§ **Dataset excerpt**:
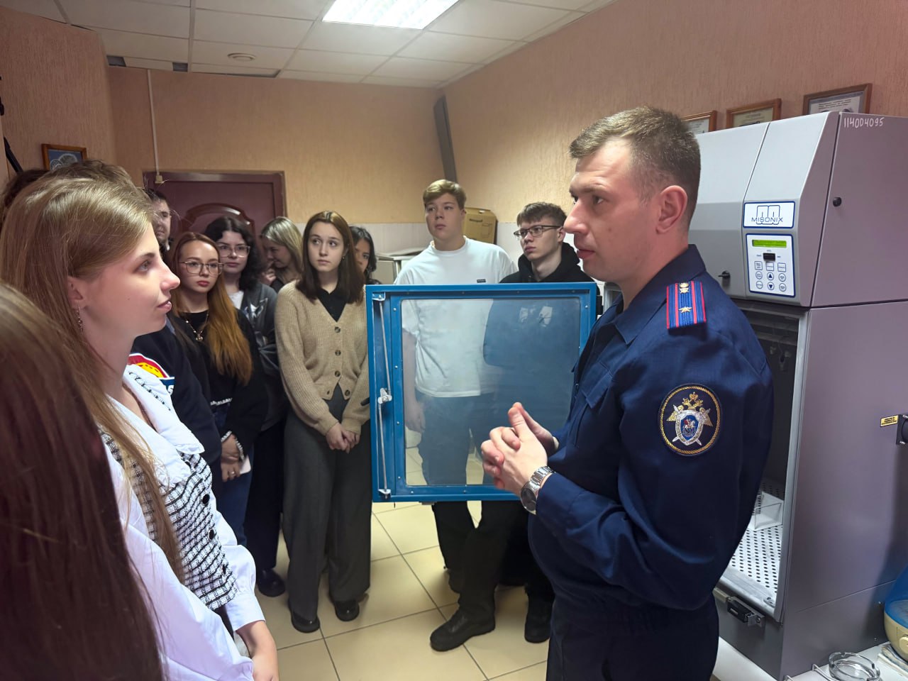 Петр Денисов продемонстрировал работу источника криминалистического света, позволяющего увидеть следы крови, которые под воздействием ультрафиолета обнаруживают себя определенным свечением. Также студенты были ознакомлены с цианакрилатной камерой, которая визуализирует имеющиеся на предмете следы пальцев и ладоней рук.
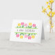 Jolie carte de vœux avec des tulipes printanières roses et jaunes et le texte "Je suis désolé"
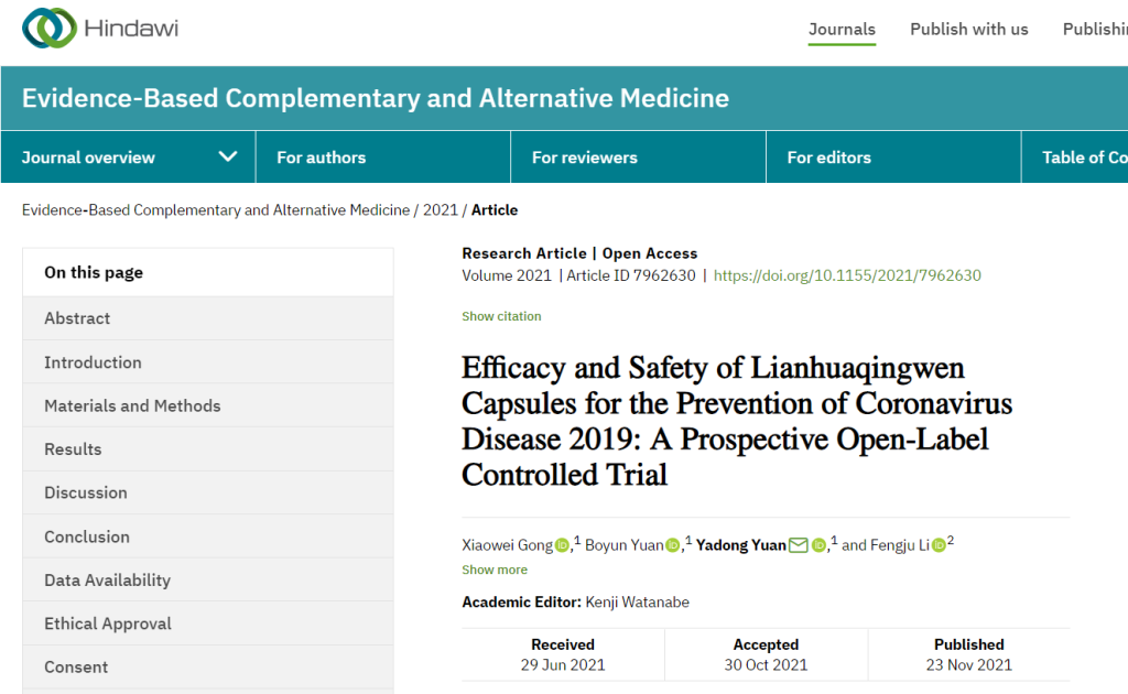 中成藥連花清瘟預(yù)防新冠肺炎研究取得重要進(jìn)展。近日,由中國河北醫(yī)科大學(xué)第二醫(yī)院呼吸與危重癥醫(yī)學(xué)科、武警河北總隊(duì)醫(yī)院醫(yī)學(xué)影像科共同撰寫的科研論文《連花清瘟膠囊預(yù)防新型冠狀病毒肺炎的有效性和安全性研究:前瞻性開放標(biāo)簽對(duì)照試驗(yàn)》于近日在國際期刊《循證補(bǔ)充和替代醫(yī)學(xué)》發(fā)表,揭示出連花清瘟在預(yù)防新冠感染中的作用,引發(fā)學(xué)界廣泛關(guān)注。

§ **Exercise goal**:
Transcribe every line of the data exactly. No pictures go in the copy.

§ **Reply to the exercise**:
 Петр Денисов продемонстрировал работу источника криминалистического света, позволяющего увидеть следы крови, которые под воздействием ультрафиолета обнаруживают себя определенным свечением. Также студенты были ознакомлены с цианакрилатной камерой, которая визуализирует имеющиеся на предмете следы пальцев и ладоней рук.
 Jolie carte de vœux avec des tulipes printanières roses et jaunes et le texte "Je suis désolé"
 中成藥連花清瘟預(yù)防新冠肺炎研究取得重要進(jìn)展。近日,由中國河北醫(yī)科大學(xué)第二醫(yī)院呼吸與危重癥醫(yī)學(xué)科、武警河北總隊(duì)醫(yī)院醫(yī)學(xué)影像科共同撰寫的科研論文《連花清瘟膠囊預(yù)防新型冠狀病毒肺炎的有效性和安全性研究:前瞻性開放標(biāo)簽對(duì)照試驗(yàn)》于近日在國際期刊《循證補(bǔ)充和替代醫(yī)學(xué)》發(fā)表,揭示出連花清瘟在預(yù)防新冠感染中的作用,引發(fā)學(xué)界廣泛關(guān)注。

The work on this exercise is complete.